For the complete documentation index, see llms.txt. Markdown versions of all pages are available by appending .md to any URL (e.g. /max/get-started.md).

Mojo function

dispatch_async_kernel

def dispatch_async_kernel[input_type: DType, num_threads: Int, input_tokens_layout: TensorLayout, topk_ids_layout: TensorLayout, n_sms: Int, n_experts: Int, n_ranks: Int, max_tokens_per_rank: Int, p2p_world_size: Int, token_fmt_type: TokenFormat, input_scales_wrapper: Optional[def[dtype: DType](Int) capturing thin -> Scalar[dtype]] = None, use_shmem: Bool = True](input_tokens: TileTensor[input_type, input_tokens_layout, ImmUntrackedOrigin], topk_ids: TileTensor[DType.int32, topk_ids_layout, ImmUntrackedOrigin], send_buf_p: Pointer[UInt8, MutUntrackedOrigin, _safe=False], recv_buf_ptrs: Array[Pointer[UInt8, MutUntrackedOrigin, _safe=False], p2p_world_size], recv_count_ptrs: Array[Pointer[UInt64, MutUntrackedOrigin, _safe=False], p2p_world_size], ep_counters: EPLocalSyncCounters[n_experts], my_rank: Int32)

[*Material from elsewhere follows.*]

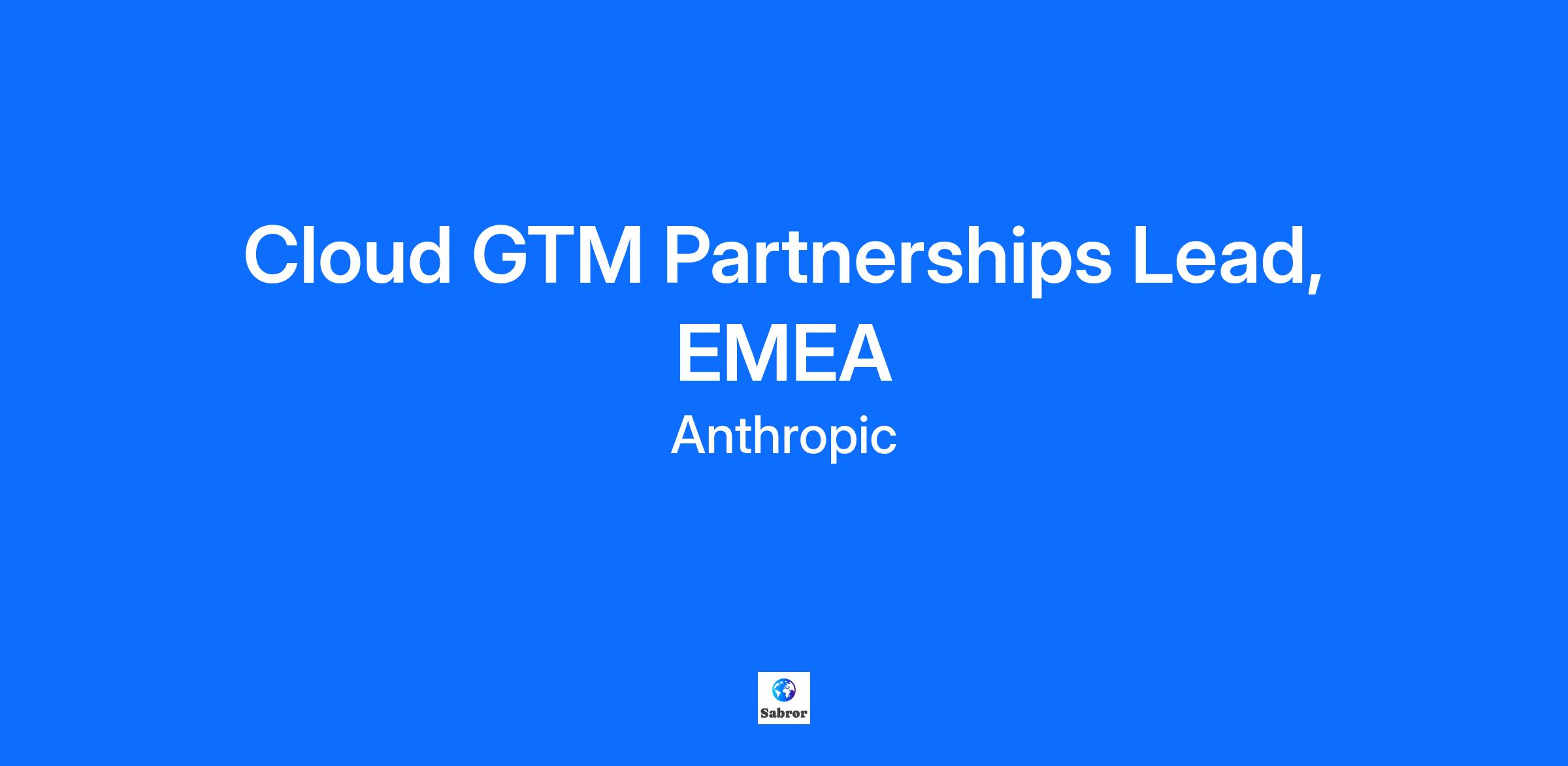 ABOUT ANTHROPIC Anthropic’s mission is to create reliable, interpretable, and steerable AI systems. We want AI to be safe and beneficial for our users and for society as a whole. Our team is a quickly growing group of committed researchers, engineers, policy experts, and business leaders working together to build beneficial AI systems. ABOUT THE ROLE: Anthropic is seeking an exceptional leader to drive our strategic go-to-market partnership with cloud partners. In this pivotal role, you will own and scale our most significant strategic relationships for Anthropic’s acceleration into EMEA, responsible for large scale revenue opportunities through our cloud partnerships. You will work closely with senior leadership across both partner organizations to drive joint success, shape strategy, and accelerate the adoption of Anthropic's AI capabilities through our Global Partner ecosystem. You will build and lead the strategy to maximize our cloud partnerships potential while ensuring our solutions are deployed safely and responsibly. This role offers the unique opportunity to shape how frontier AI technology is commercialized at massive scale. In this role, you will drive exponential growth for Anthropic in EMEA through our cloud partnerships while shaping how companies adopt and implement frontier AI technology. You'll be responsible for building programs that will scale across EMEA markets and segments, and developing the blueprint for how we and our cloud partners in the region will partner to drive joint success. RESPONSIBILITIES: * Develop and execute comprehensive GTM strategy for our cloud partnerships, including co-selling motions, enablement programs, and joint business plans * Drive strategic planning and execution of joint marketing and sales initiatives, including major customer engagements * Build and maintain executive-level relationships across cloud partners * Own forecasting, pipeline development, and revenue targets for the partnership * Create and implement scalable processes for partnership operations, including escalation management and reporting * Provide strategic market intelligence and competitive insights to inform product and business strategy * Design and execute segment-specific sales plays and enablement programs * Lead cross-functional efforts with U.S. GTM teams, providing strategic direction and operational excellence for how these teams can partner effectively with EMEA cloud partners * Lead quarterly and annual business reviews with key stakeholders * Identify and develop strategic opportunities to expand partnership scope and impact YOU MAY BE A GOOD FIT IF YOU HAVE: * 10+ years of enterprise technology experience, with at least 7 years in strategic partnerships and/or enterprise sales leadership. Experience leading strategic partnerships for a B2B SaaS Startup strongly preferred. * Proven track record of 0-1 building and scaling multi-billion dollar technology partnerships in the EMEA region, including cloud providers (e.g. AWS, Google Cloud) * Deep understanding of enterprise software and cloud services * Experience leading large, cross-functional teams in complex organizational environments * Strong executive presence and demonstrated ability to influence senior stakeholders * Track record of developing and executing successful co-selling strategies * Excellence in strategic planning, business operations, and program management * Deep understanding of enterprise sales motions and channel dynamics * Ability to balance strategic thinking with tactical execution * Experience working with technical products and translating complex capabilities into business value Deadline to apply: None. Applications will be reviewed on a rolling basis. The expected base compensation for this position is below. Our total compensation package for full-time employees includes equity, benefits, and may include incentive compensation. Annual Salary: £215,000—£250,000 GBP LOGISTICS Education requirements: We require at least a Bachelor's degree in a related field or equivalent experience. Location-based hybrid policy: Currently, we expect all staff to be in one of our offices at least 25% of the time. However, some roles may require more time in our offices. Visa sponsorship: We do sponsor visas! However, we aren't able to successfully sponsor visas for every role and every candidate. But if we make you an offer, we will make every reasonable effort to get you a visa, and we retain an immigration lawyer to help with this. We encourage you to apply even if you do not believe you meet every single qualification. Not all strong candidates will meet every single qualification as listed. Research shows that people who identify as being from underrepresented groups are more prone to experiencing imposter syndrome and doubting the strength of their candidacy, so we urge you not to exclude yourself prematurely and to submit an application if you're interested in this work. We think AI systems like the ones we're building have enormous social and ethical implications. We think this makes representation even more important, and we strive to include a range of diverse perspectives on our team. HOW WE'RE DIFFERENT We believe that the highest-impact AI research will be big science. At Anthropic we work as a single cohesive team on just a few large-scale research efforts. And we value impact — advancing our long-term goals of steerable, trustworthy AI — rather than work on smaller and more specific puzzles. We view AI research as an empirical science, which has as much in common with physics and biology as with traditional efforts in computer science. We're an extremely collaborative group, and we host frequent research discussions to ensure that we are pursuing the highest-impact work at any given time. As such, we greatly value communication skills. The easiest way to understand our research directions is to read our recent research. This research continues many of the directions ou

Dispatch tokens to experts on remote ranks based on the top-k expert IDs. This kernel utilizes the non-blocking SHMEM API if use_shmem is True, and would return immediately after initiating the communication. The communication is considered complete after calling the dispatch_wait_kernel.

Parameters:

input_type (DType): The type of the input tokens.
num_threads (Int): The number of threads in the block.
input_tokens_layout (TensorLayout): The layout of the input tokens.
topk_ids_layout (TensorLayout): The layout of the top-k expert IDs.
n_sms (Int): The total number of SMs in the device.
n_experts (Int): The total number of experts in the model.
n_ranks (Int): The number of all devices participating in the communication.
max_tokens_per_rank (Int): The maximum number of tokens per rank.
p2p_world_size (Int): Size of a High-speed GPU interconnect group.
token_fmt_type (TokenFormat): Type conforming to TokenFormat trait that defines the token encoding scheme.
input_scales_wrapper (Optional[def[dtype: DType](Int) capturing thin -> Scalar[dtype]]): The wrapper for the input scales.
use_shmem (Bool): Whether to use the SHMEM API for the communication.

Args:

input_tokens (TileTensor[input_type, input_tokens_layout, ImmUntrackedOrigin]): The input tokens to be dispatched.
topk_ids (TileTensor[DType.int32, topk_ids_layout, ImmUntrackedOrigin]): The top-k expert IDs for each token.
send_buf_p (Pointer[UInt8, MutUntrackedOrigin, _safe=False]): The pointer to the send buffer. The underlying buffer is of shape (max_tokens_per_rank, msg_bytes). Need to be allocated using shmem_alloc if use_shmem is True.
recv_buf_ptrs (Array[Pointer[UInt8, MutUntrackedOrigin, _safe=False], p2p_world_size]): An array of pointers to the receive buffers for each device in the p2p world. Each buffer is of shape (n_local_experts, n_ranks, max_tokens_per_rank, msg_bytes). Need to be allocated using shmem_alloc if use_shmem is True.
recv_count_ptrs (Array[Pointer[UInt64, MutUntrackedOrigin, _safe=False], p2p_world_size]): An array of pointers to the receive count buffers for each device in the p2p world. Each buffer is of shape (n_local_experts, n_ranks). Need to be allocated using shmem_alloc if use_shmem is True.
ep_counters (EPLocalSyncCounters[n_experts]): EP atomic counters for kernel synchronization.
my_rank (Int32): The rank of the current device.